→ TASK ITEM
All of the data that follows should be given again exactly, without its images.

(Collection entries)
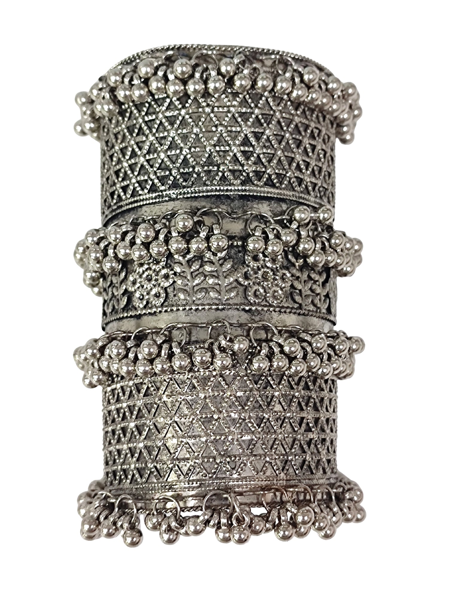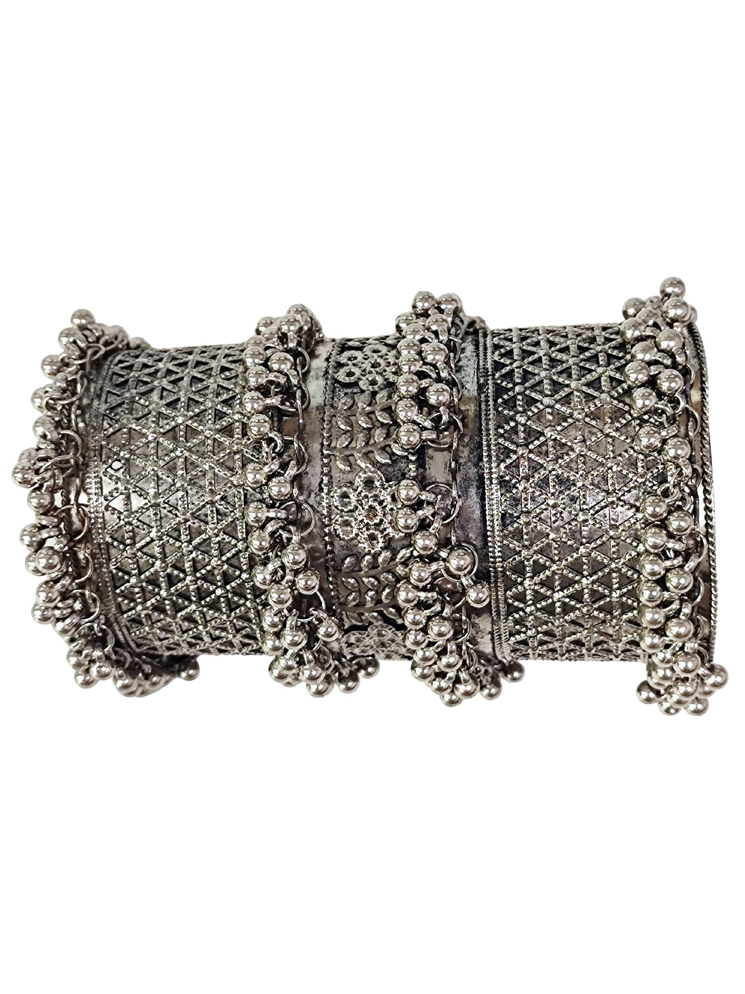 KARATCART Tribal-Inspired Oxidized Silver-Plated Handcrafted Cuff Bangle for Women
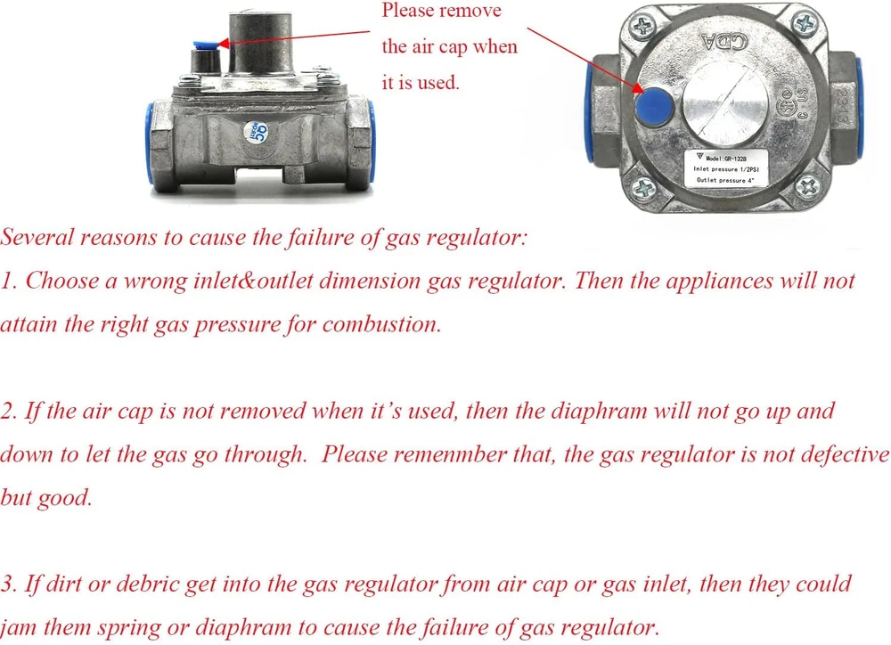 Store New Arrivals Add to Favorite View Feedback Contact Natural Gas Pressure Regulator with 3/4" FNPT Thread Inlet & Outlet Connection, with Maximum 1/2 PSIG Inlet Pressure and Range 3"-6" W.C. Outlet Pressure. Description Item model number GR-133B Part Number GR-133A Batteries Required? No Item Package Quantity 1 Product Dimensions 3.34 x 2.95 x 2.75 inches Country of Origin China Item Weight 9.6 ounces Batteries Included? No Model GR-133B Manufacturer HOSAILAY REPLACMENTS Product Description Several reasons to cause the failure of gas regulator Specifications Gas inlet & out size is 3/4"-FNPT. Please use the 3/4"-MNPT to connect the regulator. For natural gas appliances use only. Gas inlet pressure is 3/4 psi or 3,485 pa. Out let pressure is 4" WC or 1,750 pa (factory setting), adjustable from 3 to 6" WC. Maximum flow capacity is 150,000 BTU/Hr. Notes Too cold or too hot ambient temperature will affect the spring or diaphragm, and then affect the performance of regulator. If debris or dirt found inside affects the performance of regulator, please do not try to losen the screws to fix and repair it, or not, there will be gas leakage. Installation tips Please install this gas pressure regulator comply with the gas flow direction. Please do not install this gas pressure regulator too close or too far from the appliances. Please keep in mind that, the output pressure setting is different between natural gas source and propane gas source. If it is not a convertible gas pressure regulator, they are not alternative. ABOUT US We offer the best prices around on high quality products. Our E-store includes media such as books, movies, music and games while offering electronics, toys, sporting apparel, clothing, tools, general home, garden items and more. SHIPPING We are always working hard to ensure your package arrives as soon as possible. Please understand that some factors like weather, high postal traffic, and the performance of shipping companies are outside of our control. We offer free shipping to the lower 48 states and ship within 2 business days of payment, usually sooner. We do not accept P.O. Boxes. Please provide a physical address. RETURNS We offer a 30-Day Return Policy on items which you are not completely satisfied with. You have the option for a full-refund or an exchange of the item. No returns are available on items shipped outside of the USA. PAYMENT We accept PayPal. CONTACT US This page content is yet to come Please ad us to your favorite seller and visit again later Thank You CUSTOMER SATISFACTION We try our very best to make sure every customer is completely satisfied. If there's a problem, message us! We're happy to help.
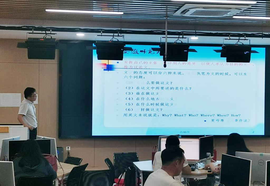 9月14日下午,马克思主义学院在智慧实训室举办“博士论见”活动第一期。会议由马克思主义学院副院长崔学明主持,青年教师刘先锐博士主讲,本次主讲的主题为《文章逻辑与语言表达》。
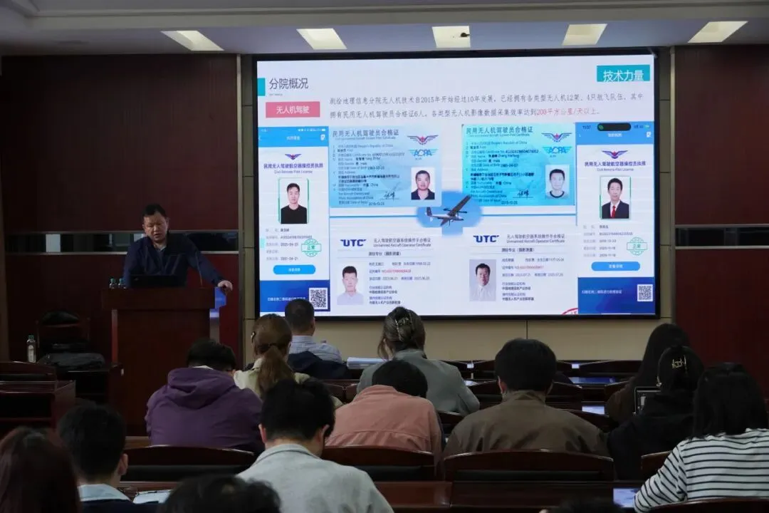 随后,李坚校友从专业视角出发,对测绘地理信息分院进行了深度推介。他介绍道,分院目前拥有138名员工,业务涵盖测绘工程、地理信息系统工程、界线与不动产测绘以及林业工程咨询四大核心板块。他结合详实的图文资料,向资环学院80余位本研学生展示了分院近年来的硬核业绩,包括兵团十四个师市的GNSS控制网项目、大型水利水电工程测绘、以及兵团国土调查和地下管网普查等大型项目。通过这些真实的项目案例,他生动解析了实景三维建模、工程测量等热门领域的技术难点与应用前景,帮助同学们将书本知识与实际工程紧密相连。
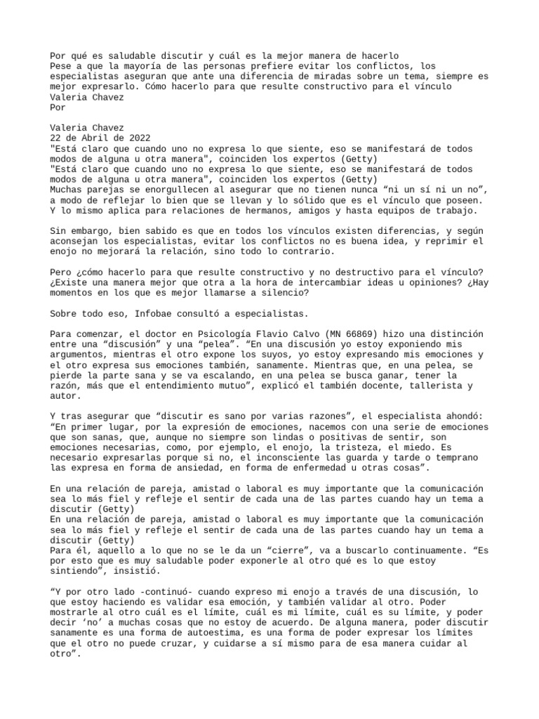 modos de alguna u otra manera -sostuvo la especialista-. No hablar para no discutir
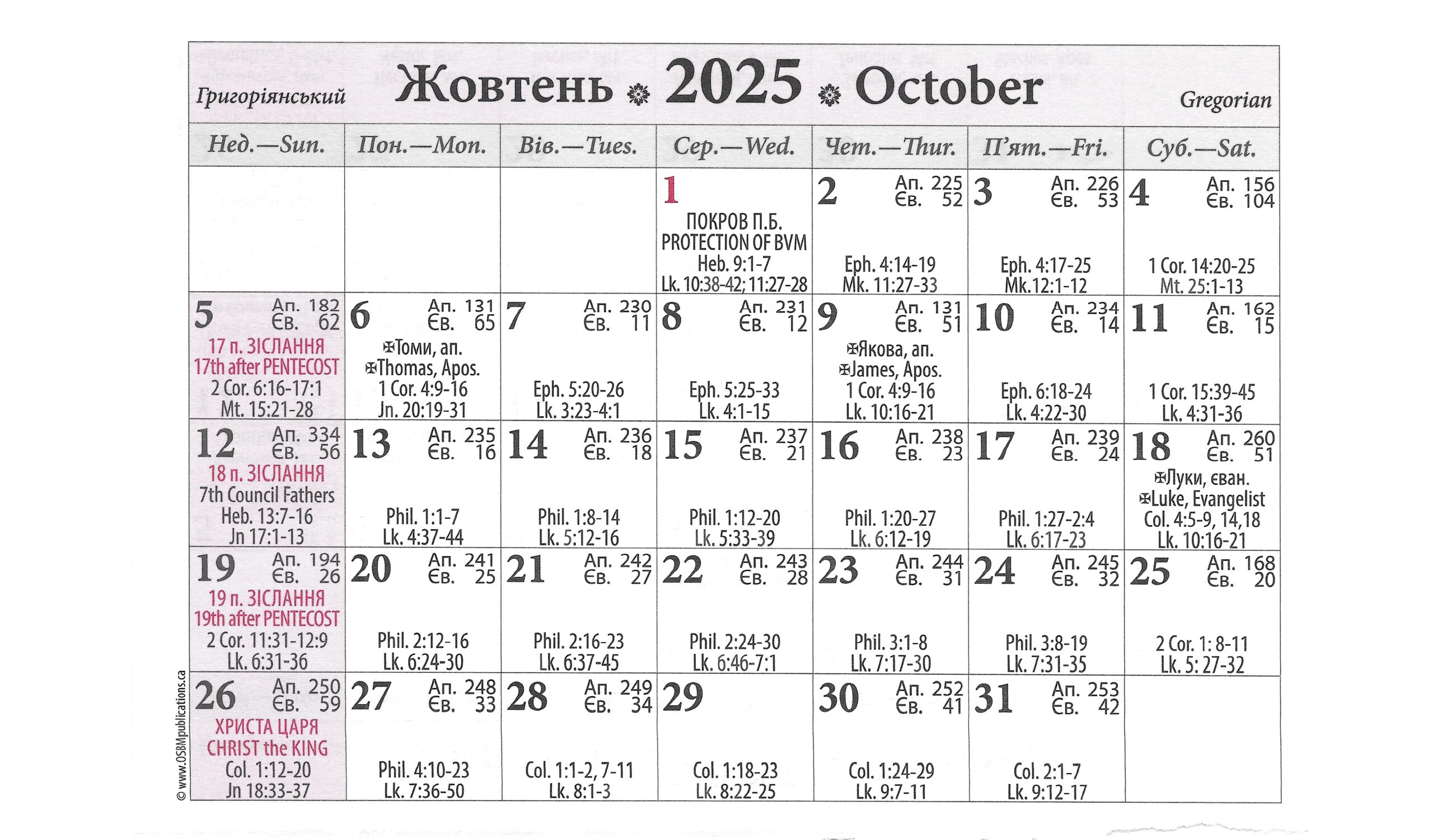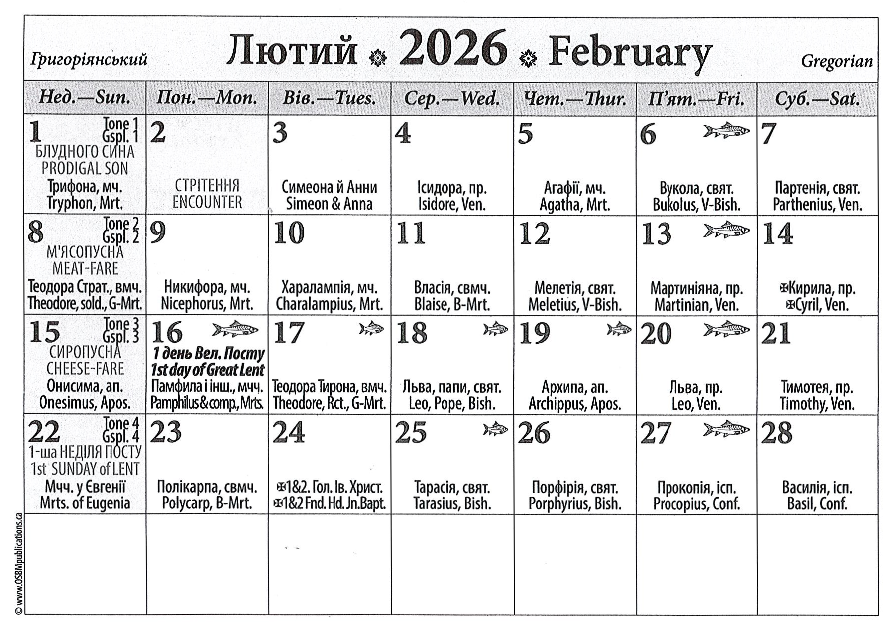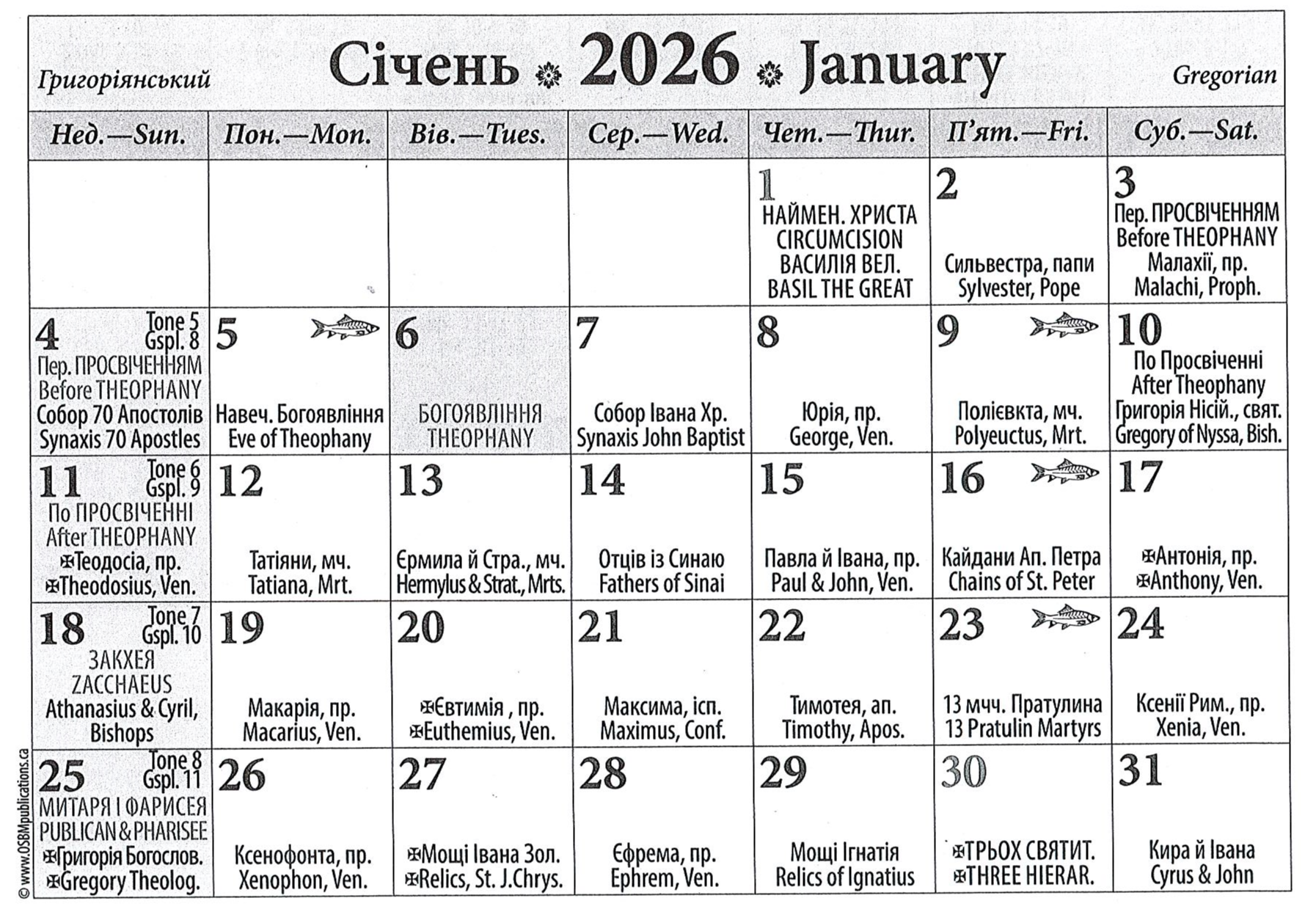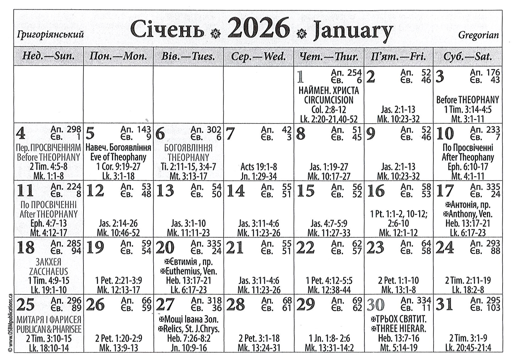 HOLY DAYS & OBLIGATORY FEASTS / Свята Обовʼязкові:

→ EXERCISE OUTPUT
 KARATCART Tribal-Inspired Oxidized Silver-Plated Handcrafted Cuff Bangle for Women
 Store New Arrivals Add to Favorite View Feedback Contact Natural Gas Pressure Regulator with 3/4" FNPT Thread Inlet & Outlet Connection, with Maximum 1/2 PSIG Inlet Pressure and Range 3"-6" W.C. Outlet Pressure. Description Item model number GR-133B Part Number GR-133A Batteries Required? No Item Package Quantity 1 Product Dimensions 3.34 x 2.95 x 2.75 inches Country of Origin China Item Weight 9.6 ounces Batteries Included? No Model GR-133B Manufacturer HOSAILAY REPLACMENTS Product Description Several reasons to cause the failure of gas regulator Specifications Gas inlet & out size is 3/4"-FNPT. Please use the 3/4"-MNPT to connect the regulator. For natural gas appliances use only. Gas inlet pressure is 3/4 psi or 3,485 pa. Out let pressure is 4" WC or 1,750 pa (factory setting), adjustable from 3 to 6" WC. Maximum flow capacity is 150,000 BTU/Hr. Notes Too cold or too hot ambient temperature will affect the spring or diaphragm, and then affect the performance of regulator. If debris or dirt found inside affects the performance of regulator, please do not try to losen the screws to fix and repair it, or not, there will be gas leakage. Installation tips Please install this gas pressure regulator comply with the gas flow direction. Please do not install this gas pressure regulator too close or too far from the appliances. Please keep in mind that, the output pressure setting is different between natural gas source and propane gas source. If it is not a convertible gas pressure regulator, they are not alternative. ABOUT US We offer the best prices around on high quality products. Our E-store includes media such as books, movies, music and games while offering electronics, toys, sporting apparel, clothing, tools, general home, garden items and more. SHIPPING We are always working hard to ensure your package arrives as soon as possible. Please understand that some factors like weather, high postal traffic, and the performance of shipping companies are outside of our control. We offer free shipping to the lower 48 states and ship within 2 business days of payment, usually sooner. We do not accept P.O. Boxes. Please provide a physical address. RETURNS We offer a 30-Day Return Policy on items which you are not completely satisfied with. You have the option for a full-refund or an exchange of the item. No returns are available on items shipped outside of the USA. PAYMENT We accept PayPal. CONTACT US This page content is yet to come Please ad us to your favorite seller and visit again later Thank You CUSTOMER SATISFACTION We try our very best to make sure every customer is completely satisfied. If there's a problem, message us! We're happy to help.
 9月14日下午,马克思主义学院在智慧实训室举办“博士论见”活动第一期。会议由马克思主义学院副院长崔学明主持,青年教师刘先锐博士主讲,本次主讲的主题为《文章逻辑与语言表达》。
 随后,李坚校友从专业视角出发,对测绘地理信息分院进行了深度推介。他介绍道,分院目前拥有138名员工,业务涵盖测绘工程、地理信息系统工程、界线与不动产测绘以及林业工程咨询四大核心板块。他结合详实的图文资料,向资环学院80余位本研学生展示了分院近年来的硬核业绩,包括兵团十四个师市的GNSS控制网项目、大型水利水电工程测绘、以及兵团国土调查和地下管网普查等大型项目。通过这些真实的项目案例,他生动解析了实景三维建模、工程测量等热门领域的技术难点与应用前景,帮助同学们将书本知识与实际工程紧密相连。
 modos de alguna u otra manera -sostuvo la especialista-. No hablar para no discutir
 HOLY DAYS & OBLIGATORY FEASTS / Свята Обовʼязкові:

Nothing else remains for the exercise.